Data Set Segmentation principles
Cross-validation where the original dataset is split into a training set and a test set, there are two key points to follow:

  1. The number of samples in the training set must be large enough to be at least 50% more than the total number of samples.
  2. Two sets of subsets must be sampled evenly from the full set.

The first 2 points are particularly important, and uniform sampling is intended to reduce the deviation (bias) between the training set/test set and the complete set, but it is not easy to do so. The general practice is to randomly sample, and when the sample quantity is sufficient, the effect of uniform sampling can be achieved. But randomness is also a blind spot for this practice, and is often a place where data can be rigged. For example, when the recognition rate is not ideal, a set of training sets and test sets will be re-sampled until the test set is satisfied with the identification rate, but it is strictly a cheat.

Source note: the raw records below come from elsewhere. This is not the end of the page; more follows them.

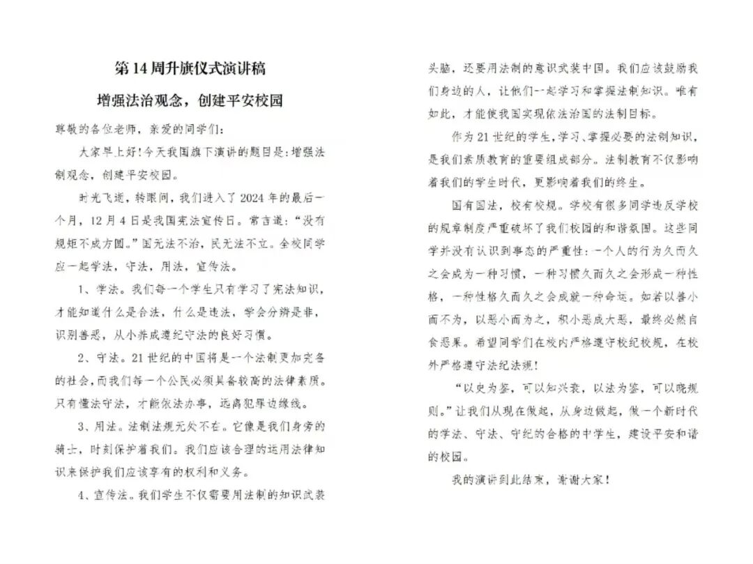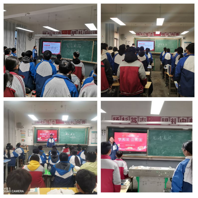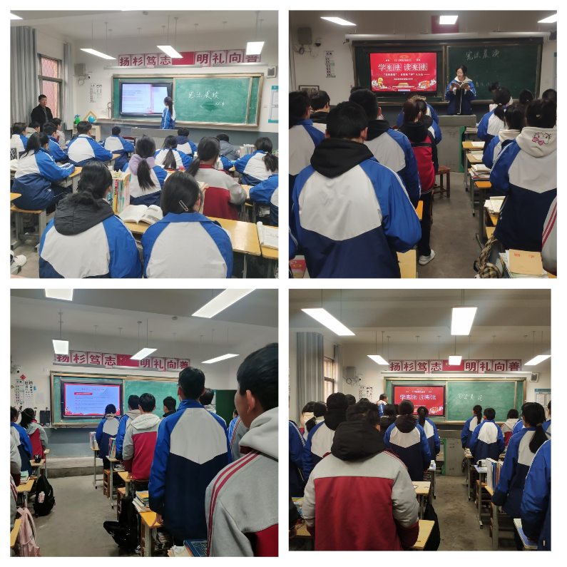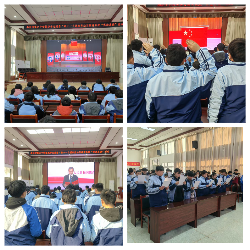 法者,国之权衡也,时之准绳也 2024年12月4日是 第十一届国家宪法日 12月1日至12月7日是 第七个“宪法宣传周” 2024年“宪法宣传周”主题为 大力弘扬宪法精神 推动进一步全面深化改革 为认真学习贯彻习近平法治思想和习近平总书记关于宪法法治教育的重要指示,营造宪法学习教育的浓厚氛围,加深全体师生对宪法的认识和了解,提高法治意识和法治素养,山东省枣庄市第六中学组织开展“国家宪法日”宣传教育系列活动。 01升旗仪式讲宪法 12月2日,八年级1班孙楚涵和八年级2班侯瑞清同学进行《增强法治观念,创建平安校园》为主题的国旗下讲话,德育副校长张巍结合我校近期违规违纪现象普及相关宪法知识,倡导同学们增强法律意识,养成遵纪守法的好习惯。 02主题班会学宪法 03琅琅晨读诵宪法 12月4日,利用晨读课时间组织各班级进行“宪法晨读”活动,诵读宪法知识。上午9:00,在我校多功能报告厅,组织学生观看第十一届国家宪法日教育系统“宪法晨读”活动。 04法治报告知宪法 12月4日下午3:00,邀请枣庄市公安局台儿庄分局治安管理大队大队长、枣庄市第六中学法治副校长晁福海同志到我校进行法治教育。 张巍校长结合我校实际情况总结指出:“希望同学们通过今天的报告会,将宪法精神铭记于心,在今后的学习和生活中,时刻以宪法为准绳,规范自己的言行举止,积极传播法治理念,共同营造风清气正、和谐有序的校园法治环境。从点滴小事做起,做一名知法、懂法、守法、用法的好公民,为构建法治社会贡献自己的力量。” 通过开展此次“宪法宣传周”系列活动,营造了浓厚的法治校园文化氛围,增强了全体师生法律意识。今后,我校将持续开展形式多样的法治宣传教育活动,切实推进依法治校、依法执教。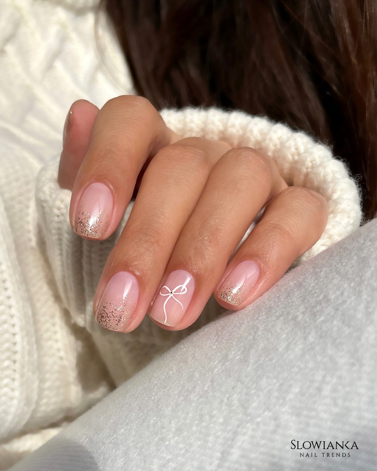 Нюдовый маникюр с глиттером остается фаворитом зимы 2026 благодаря своей универсальности. Минимальное количество блесток добавляет глубину и делает покрытие более выразительным. Особенно актуальны полупрозрачные базы с микроглиттером.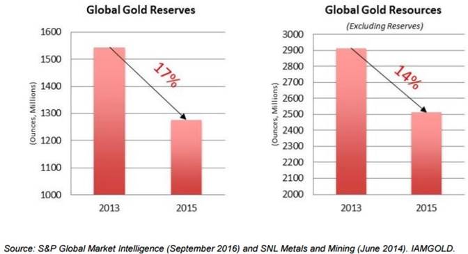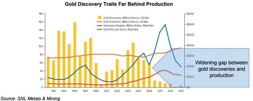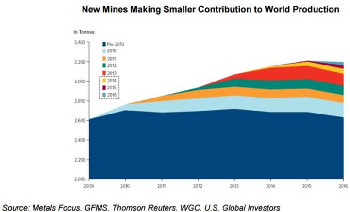 Mined peak gold production was expected in 2015. I’m going to suggest, with the help of the following charts, it might very well of been Q3, 2016.

See: http://blog.sciencenet.cn/home.php?mod=space&uid=830496&do=blog&id=676326

Http://hi.baidu.com/872911713/blog/item/d9420ff6767cbf0fb07ec5f4.html

Http://blog.sina.com.cn/s/blog_688077cf0100zqpj.html

[Turn] about experimental validation

Contact Us

The content source of this page is from Internet, which doesn't represent Alibaba Cloud's opinion; products and services mentioned on that page don't have any relationship with Alibaba Cloud. If the content of the page makes you feel confusing, please write us an email, we will handle the problem within 5 days after receiving your email.

If you find any instances of plagiarism from the community, please send an email to: info-contact@alibabacloud.com and provide relevant evidence. A staff member will contact you within 5 working days.

A Free Trial That Lets You Build Big!

Start building with 50+ products and up to 12 months usage for Elastic Compute Service

  • Sales Support

    1 on 1 presale consultation

  • After-Sales Support

    24/7 Technical Support 6 Free Tickets per Quarter Faster Response

  • Alibaba Cloud offers highly flexible support services tailored to meet your exact needs.